Original Title: Enhanced Sensitivity in Fiber Optic Gyroscopes Achieved Through Dual-Channel Improved Cooperative Modulation
Published in IEEE Sensors Journal/Journal of Lightwave Technology (IEEE Xplore)
Published in March 2025
Research institution: International Joint Research (references include German Geological Research Center, US Naval Research Laboratory, etc.)
Technical interpretation
The interferometric fiber optic gyroscope (IFOG) is the core component of inertial navigation systems, widely used in fields such as rotational seismology, high-precision inertial navigation, and gravity gradient measurement. With the extension of application scenarios to deep-sea exploration, long endurance underwater navigation, and other directions, the sensitivity requirements for fiber optic gyroscopes are constantly increasing. However, traditional modulation schemes have a trade-off between sensitivity and system complexity, which limits their performance in extreme environments.

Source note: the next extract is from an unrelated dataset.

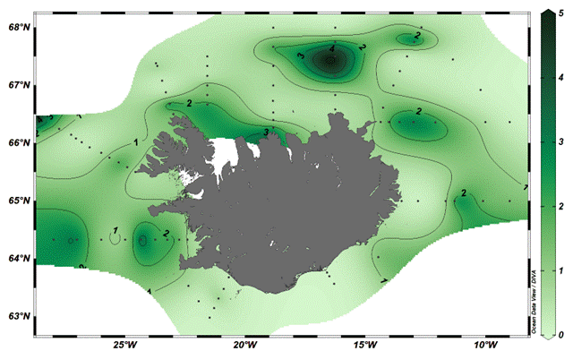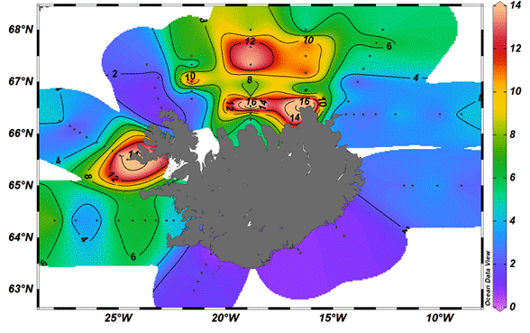 Rannsóknaskipið Bjarni Sæmundsson var í leiðangri til rannsókna á ástandi sjávar, næringarefnum, plöntusvifi og dýrasvifi á miðunum umhverfis landið 15. - 26. maí síðastliðinn.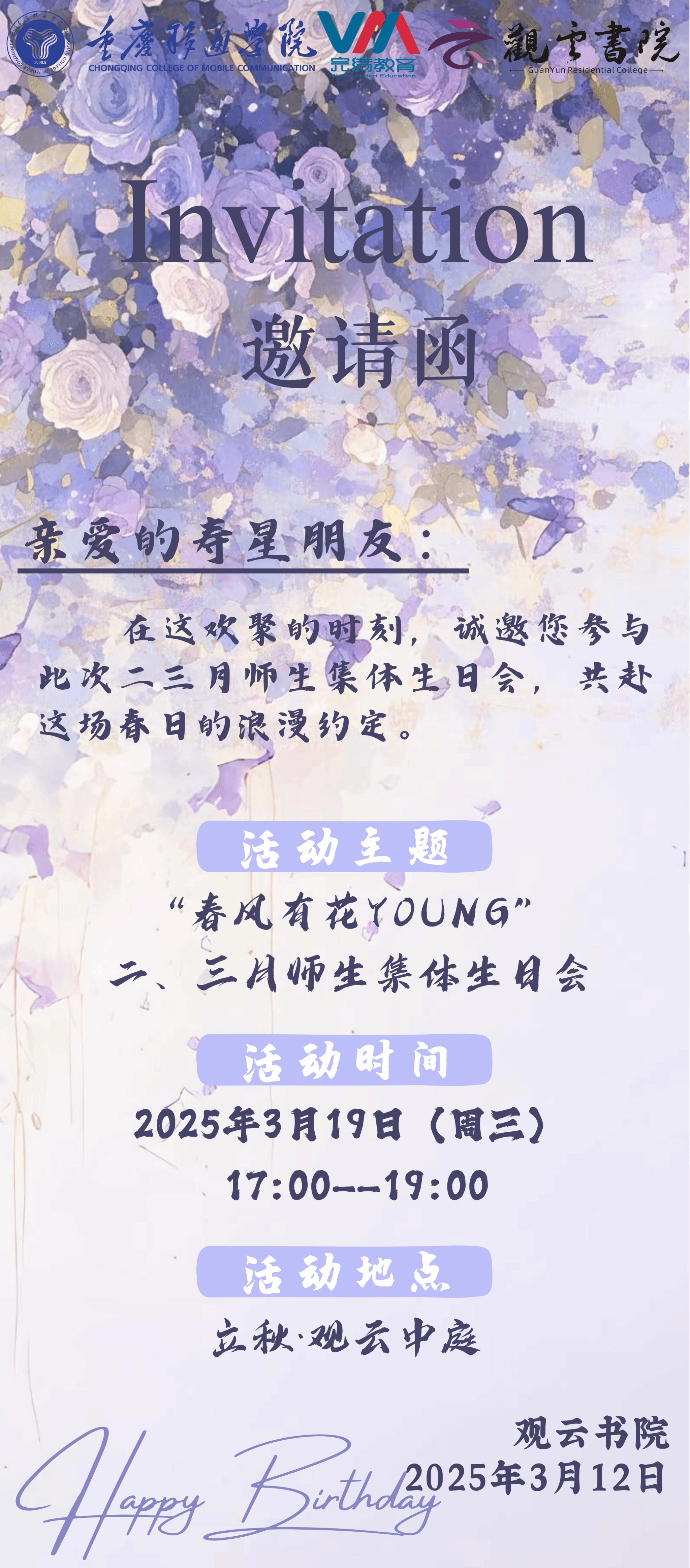 「春风有花YOUNG」由重庆移通学院工会委员会、重庆移通学院书院部主办,重庆移通学院观云书院承办的二三月师生集体生日会火热上线!蝴蝶许愿、青团手作、千份浪漫待签收~

An international research team has proposed a dual channel improved collaborative modulation technique that significantly enhances the measurement sensitivity of fiber optic gyroscopes without increasing the complexity of optical hardware.
Core innovation points:
Modulation scheme breakthrough: Although traditional four state modulation can suppress certain noise, it has limitations in sensitivity. The improved collaborative modulation scheme proposed in this study achieves more efficient extraction of signal energy by optimizing the modulation sequence and demodulation algorithm, thereby enhancing the gyroscope's response capability to weak angular velocities.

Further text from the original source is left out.